4. Alignment of mitochondria, chloroplasts using the minimap2 (2.17-r 941) (h.li 2018) software, removal of sequences with base alignment exceeding 50%; bacterial contamination was removed by blast refseq library; removal of low-reads supported contigs (Minimap 2 compares ONT reads (> = 40 kbp) to contigs, if more than 50% of the sites on a contig were below 15 a deep, the threshold was adjusted appropriately according to the data volume.
5. Auxiliary assembly using interaction relationship:
1) Contig clustering
And determining the degree of tightness of association between different Contigs in the effective data by using the Hi-C interaction relationship, and clustering the Contigs. For a genome sketch with a karyotype of 2n, the contact sequences of the sketch are clustered into n chromosome groups by means of an aglaic (v0.9.8) (Zhang et al.2019) software by means of an aglaignohierachicalcalalcfusion (bottom-up hierarchical clustering algorithm).
2) Contig sequencing and orientation
The method comprises the steps of sequencing and orienting the contacts inside n chromosome groups by ALLHIC (v0.9.8) (Zhangetal.2019) software, and converting the interaction relationship between the contacts into a specified binary file (namely, hic file) by software 3D-DNA (v 180419) (Dudchenkoal.2017) and juicer (v 1.6) (Nevac.al.2016b). The sequenced and oriented content (assembly) is then manually sequenced and oriented by windows software Juicebox (v1.11.08) (nevac.et al.2016a).
3) Contig redundancy elimination using interaction relationship
If a sequence does not interact at all with a sequence of the same size, but interacts normally with other sequences, then it is highly likely that the sequence will be a hybrid sequence and will need to be removed manually.

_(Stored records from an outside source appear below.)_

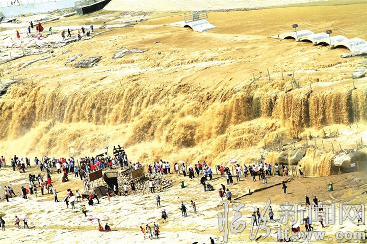 臨汾新聞網訊 7月15日,游客在吉縣壺口瀑布景區觀賞黃河壺口瀑布。近日,黃河上游地區出現強降雨,位于晉陜交界處的黃河壺口瀑布水量增大,形成的瀑布群氣勢磅礴、雄渾壯美,吸引了眾多游客。
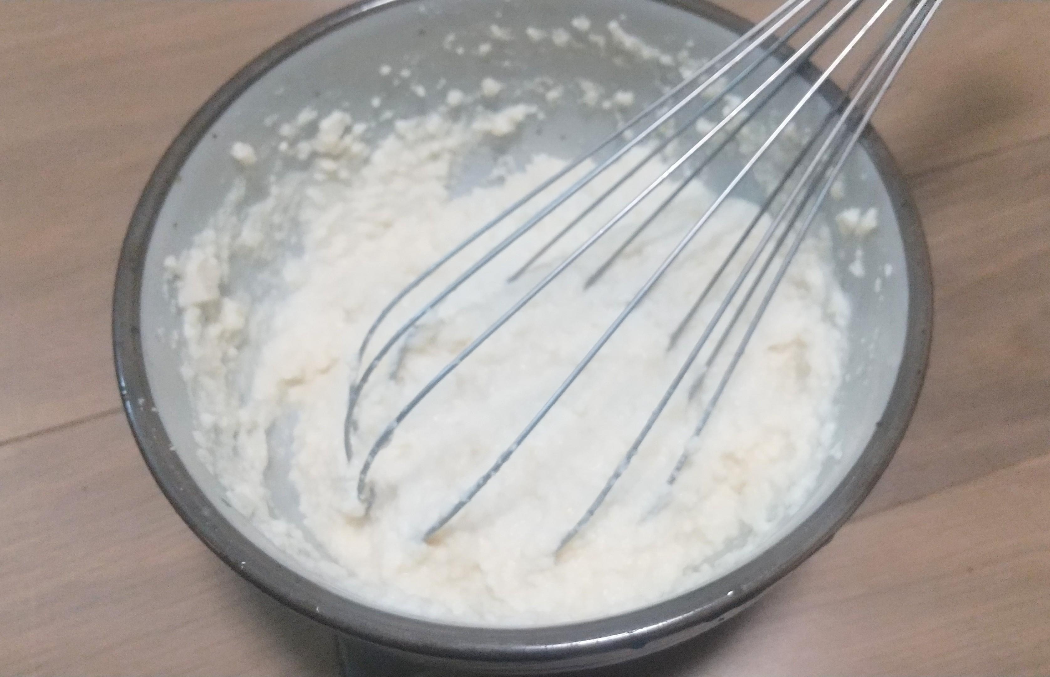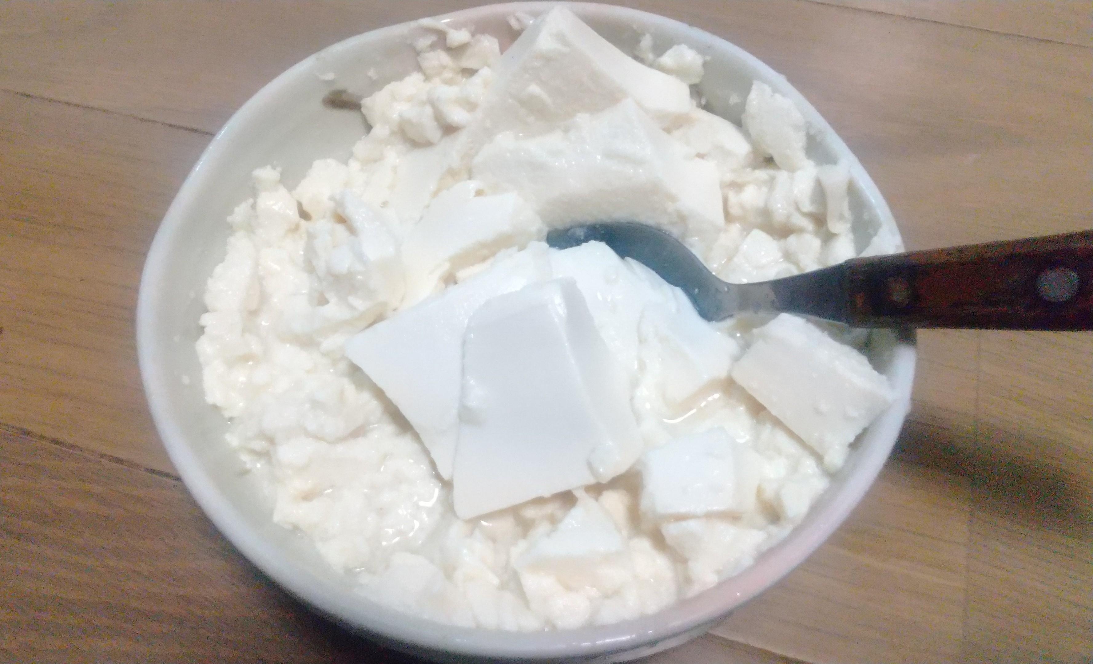 お豆腐を容器に入れ、細かくなるまで混ぜる
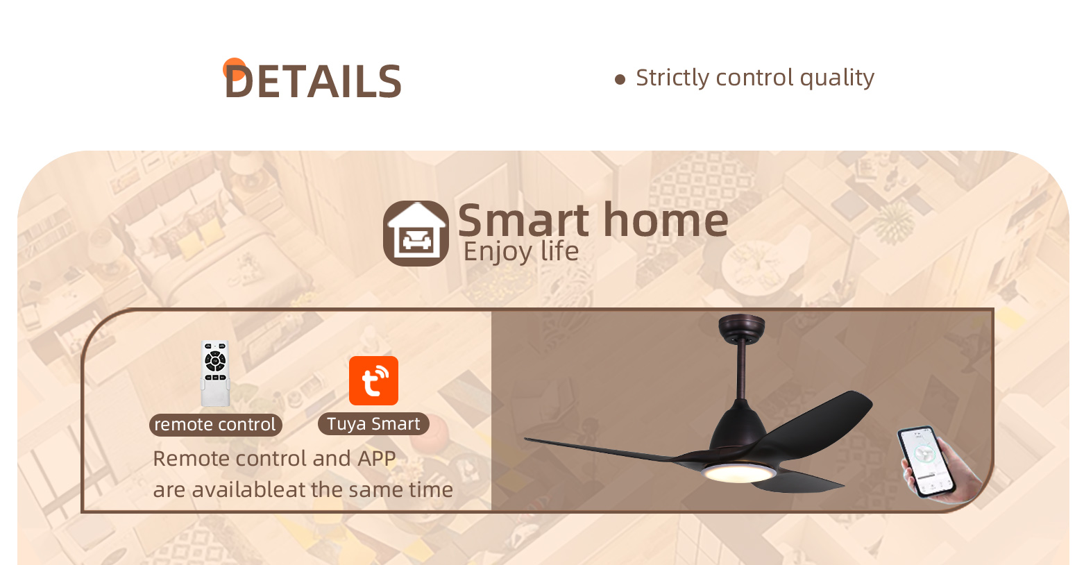 Smart Control Included Remote control & Wall control , Phone app tuya wifi control

The sequenced, oriented, de-redundant Contig sequences were used to obtain the final chromosome-level genomic sequence using 100N-up gaps. Details of the chromosome and its length statistics are shown in Table 3, and the non-interacting or interacting noise-containing Contig is an unhooked fragment (denoted as chrUnn).

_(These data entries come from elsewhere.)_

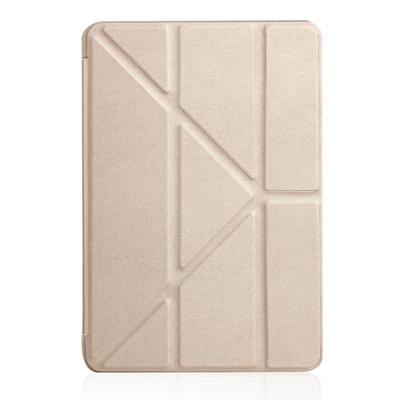 Gierst textuur PU + silica gel volledige dekking lederen draagtas voor iPad mini 2019 met multi-vouwen houder (goud)
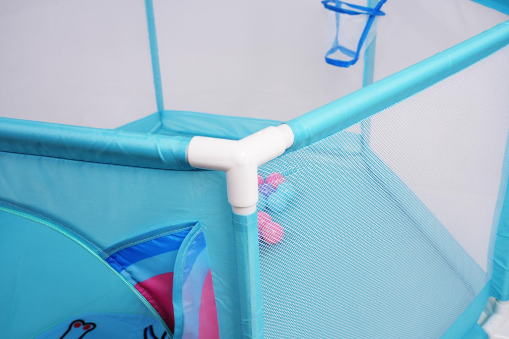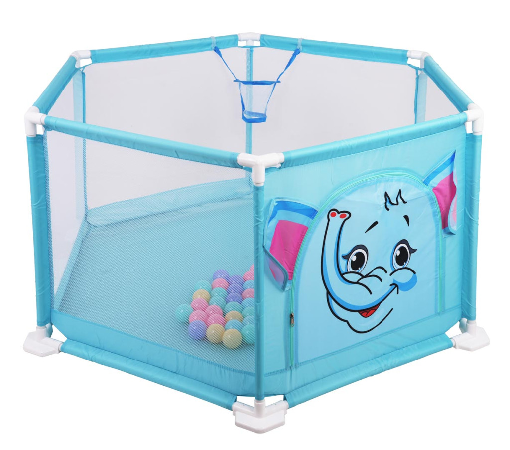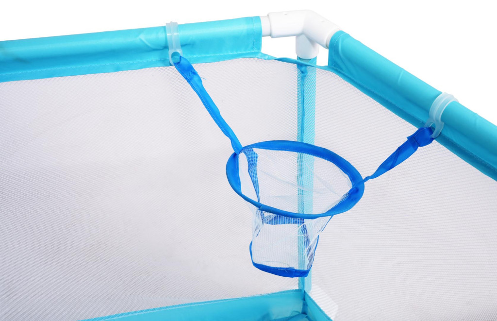 Kojec z koszykówką i piłeczkami w zestawie dla dzieci od 3-go roku życia. Kojec jest lekki, dzięki czemu można go szybko przenieść w wybrane miejsce. Nadaje się do użytku w pomieszczeniu lub na zewnątrz. Materiał, z którego jest wykonany, bardzo łatwo się czyści i dezynfekuje. Kojec posiada 5 ścianek wykonanych z siateczki, dzięki czemu możemy z łatwością obserwować dziecko. Ścianka z wesołym słonikiem posiada zamek błyskawiczny, dzięki czemu malucha można swobodnie wchodzić i wychodzić. Na jednej ze ścianek, wewnątrz umieszczono kosz na piłki, a w zestawie znajduje się 50 piłeczek. Kojec jest w pełni bezpieczny dla malucha i stabilny. Funkcje kojca: - odpowiedni dla dzieci od 3 – go roku życia, - wykonany z materiałów bezpiecznych dla malucha, - łatwo się go czyści i dezynfekuje, - lekki do przenoszenia, - można go używać na zewnątrz jak i w pomieszczeniu, - 5 ścianek wykonanych z siateczki, - ścianka ze słonikiem posiada zamek błyskawiczny, - w zestawie koszykówka i 50 piłeczek. |
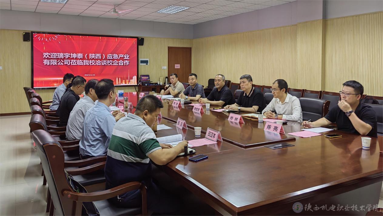 为推动产学研协同创新,寻求校企合作共赢、共谋发展的良好局面,深化产教融合发展,促进高素质应用型人才培养。2023年6月15日,瑞宇坤泰(陕西)应急产业有限公司董事长周浩一行7人莅临我校洽谈校企合作事宜。党委书记伊逊智,党委副书记、院长向纪明,党委副书记、纪委书记陈红梅,党委委员、副院长张克等接待了周浩一行,并举行会议。会议由副院长张克主持。

4) Chromosome mounting result statistics: after Hi-C assembly and manual adjustment, genomic sequences sharing the sequence length of 397,785,348 bp were mapped to 12 chromosomes at a 99.25% ratio. The detailed statistics of each chromosome and its length are shown in Table 3.
Table 3: chromosome length statistics
Chromosome Length(bp) contignumber
chr1 25,815,008 6
chr2 31,882,477 1
chr3 38,842,104 2
chr4 32,745,327 13
chr5 32,075,978 5
chr6 24,932,023 1
chr7 37,439,256 3
chr8 30,588,819 2
chr9 27,101,476 2
chr10 31,388,662 1
chr11 45,002,514 1
chr12 39,971,698 1
chrUnn 3,021,772 73
5) The software HiCExPLorer (v 3.6) (Joachim et al 2020) was used to plot based on the relationship between contig interaction strength and position, as shown in FIG. 3.

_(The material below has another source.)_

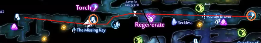 技巧与提示 注意:在最终清理前获得“Launch”会让一切变得简单得多。既然你现在的地图上应该已经显示了所有秘密,那么清理任何可能遗漏的内容应该都很轻松。 这是我所知道的唯一获取方法。我不确定这是否是开发者的预期方式。但无论如何,它能让获取这个光点变得轻而易举。 与“Turmoil”类似,“Lifeforce”也是一个极具挑战性的平台跳跃部分。由于你拥有“Launch”,如果遇到困难,可以利用它来获得优势。永远记住,落到地面上(即使是尖刺上)会重置所有平台。 完成平台跳跃部分后,“Launch”能让你更容易从顶部出口离开。 Willoh's End The Path
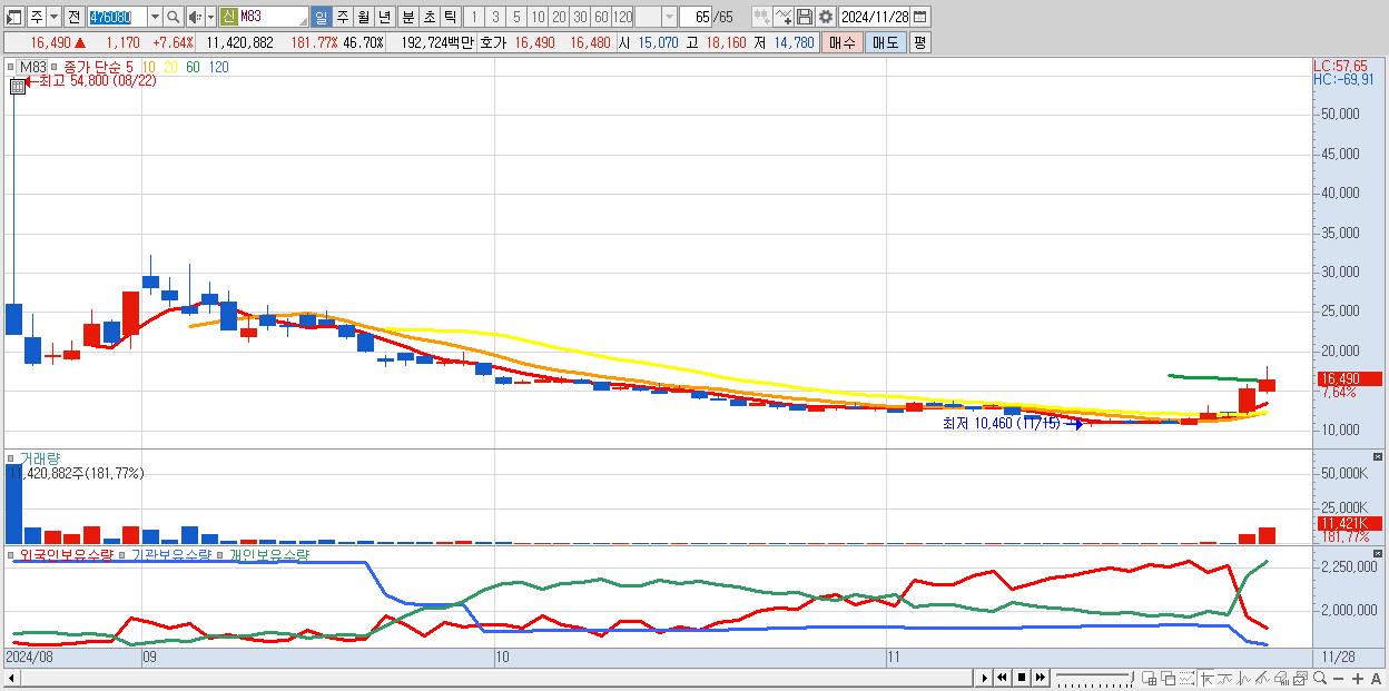 - M83 (16,490원 ▲ 7.64% , 시총: 1,284억, 거래량: 11,420,882, 거래대금:1,927억)

6. Assembly error correction
6.1 third generation error correction:
three generations of error correction were performed using the k-mer anchoring method for the centromere region (note that this error correction approach was only for T2T genome ont scaffold);
1) ONT reads (> = 40 kbp) were aligned to pseudochromosomes using minimap2 (v 2.17-r 941) (H.Li 2018).
2) To avoid excessive correction of centromere sequences, 21-kmer was found to occur once in assembly and 14 to 46 times in Illumina reads, and T2T-Polish was used
The subroutine filter_by_marker_nosplit (https:// github. Com/map/T2T-Polish) marks the aligned bam.
3) The use of medakaconsensus (v1.5.0; parameters: -model r941_prom_ hac _g507
-batch_size200; https:// gitsub.
4) Using a medakstitch (v1.5.0; https:// gitsub.com/nanoporetech/medaka) yields a consistency sequence after three generations of error correction.
Repeating the steps, namely, the T2T genome ONT skeleton edition needs to iterate two rounds of three-generation error correction.
6.2 second generation error correction:
second generation error correction was performed using deepVariant (v1.3.0) (poprinet al.2018) (note that this error correction approach is only for the T2T genome ONT backbone version);
1) Using bwamem (v0.7.17-r 1188) (HengLi 2013), samtools (v 1.9)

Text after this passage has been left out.